• Activity: Write the listing out again word for word, leaving each picture behind.

• Data section:

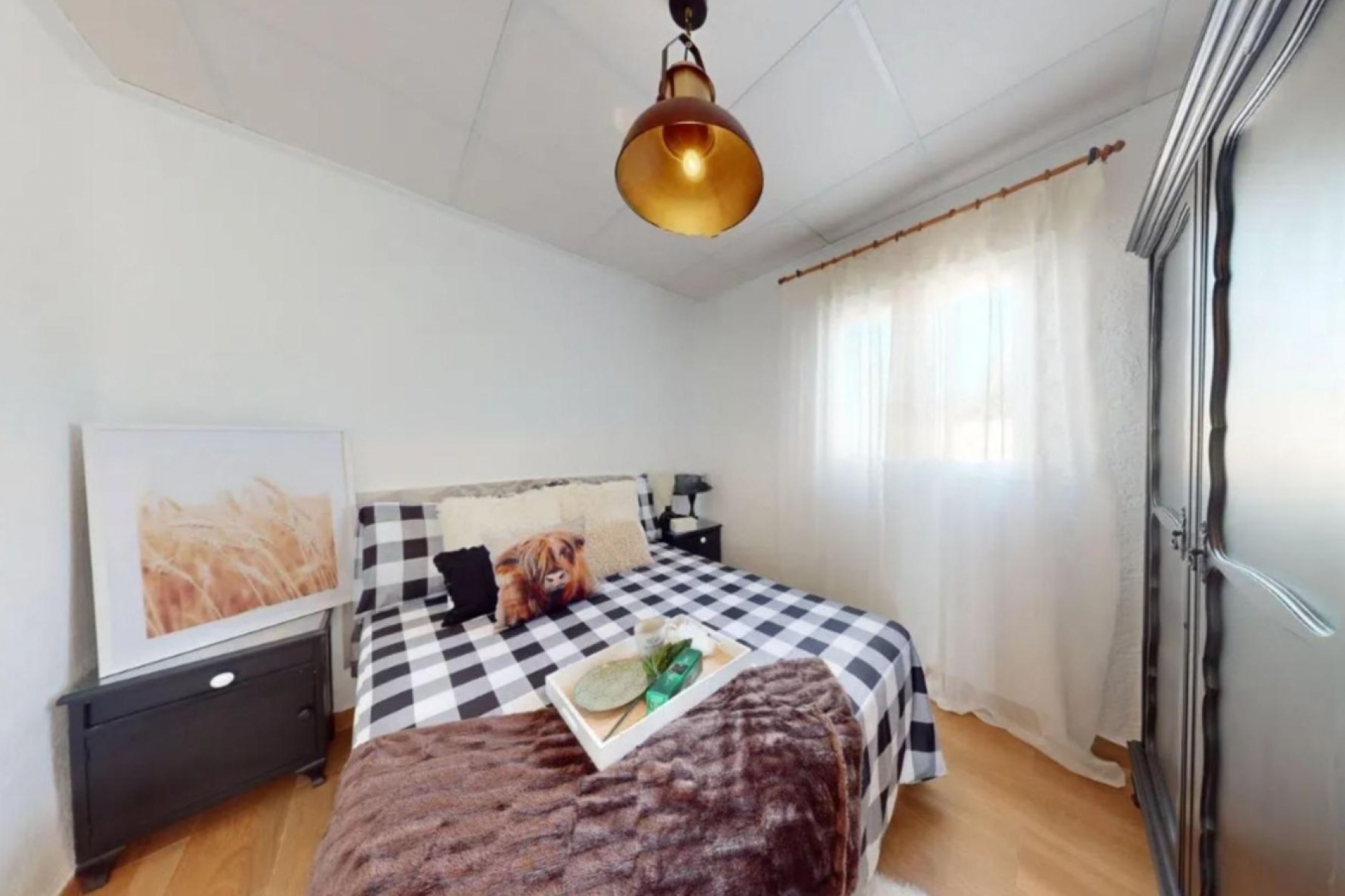Składa się z pokoju dziennego, otwartej kuchni dwóch sypialni i łązienki.
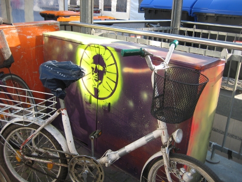 Maybe it’s got something to do with the link shown on the „six-pack“ above, at lower right. It takes you to a website advocating for the new festival hall. Mmh. Maybe I’ve first noticed the graffitis during this year’s Beethovenfest?? Anyway: that bicycle is cool, isn’t it? Have a nice weekend!
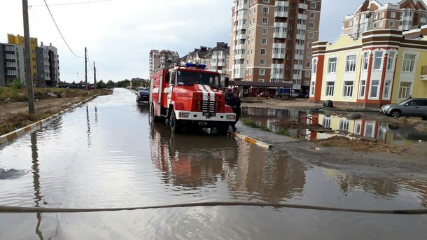 Подтопление проезжей части дороги и придомовых территорий жилых домов на улице Бориса Гмыри возникло в связи со значительными осадками.

• Result:
Składa się z pokoju dziennego, otwartej kuchni dwóch sypialni i łązienki.
 Maybe it’s got something to do with the link shown on the „six-pack“ above, at lower right. It takes you to a website advocating for the new festival hall. Mmh. Maybe I’ve first noticed the graffitis during this year’s Beethovenfest?? Anyway: that bicycle is cool, isn’t it? Have a nice weekend!
 Подтопление проезжей части дороги и придомовых территорий жилых домов на улице Бориса Гмыри возникло в связи со значительными осадками.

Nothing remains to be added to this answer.